Students from Carlmont High School told the Sequoia Union High School District board on April 24 that the district should accelerate replacement of aging gas heating systems with electric heat pumps.
"Heat pumps are far more efficient than conventional heating units because they transfer heat instead of generating it," said Tyler Turcel, a Carlmont student and member of the district sustainability committee, who described Peninsula Clean Energy financing options. He and a second student explained total-cost-of-ownership analyses and flagged state programs — including CalSHAPE (applications due June 1), PG&E K–12 energy-efficiency incentives and San Mateo County Energy Watch — as potential funding sources.
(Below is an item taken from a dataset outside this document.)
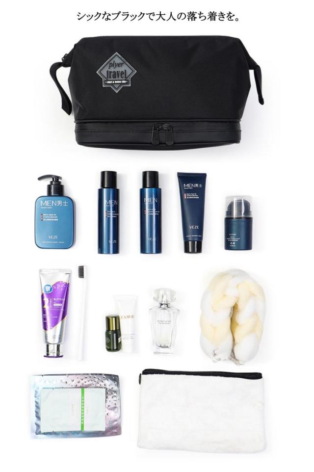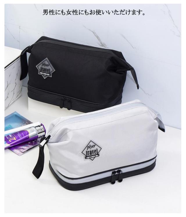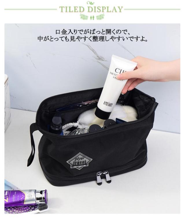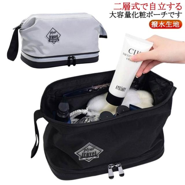 大容量 洗面用具 機能的 旅行ポーチ 収納 メンズ 自立 撥水 大きめ 化粧ポーチ 男性 トラベルポーチ ファスナー 大きく開く 二層 メイクボックス 化粧品収納 持ち運び ブラシ入れつき デイリー 普段 ウォッシュバッグ

Why it matters: district facilities staff later confirmed the district is already installing heat pumps at several sites and offered to connect the student group with Assistant Superintendent Christine Gong and project vendors for more information.
Details: student presenters said many rooftop units are more than 20 years old and cited research showing heat pumps can run on renewable electricity and reduce gas use. The students recommended the board explore available grant and financing channels and invited staff to use students as community advocates and partners.
Response from the district: Superintendent Leach thanked the students and said the district has ongoing heat-pump work at multiple campuses and would facilitate a vendor meeting with interested student advocates.
What’s next: the presentation gave trustees a specific set of programs and contact leads to follow up with; the superintendent directed the students to leave contact information so staff could connect them to project teams.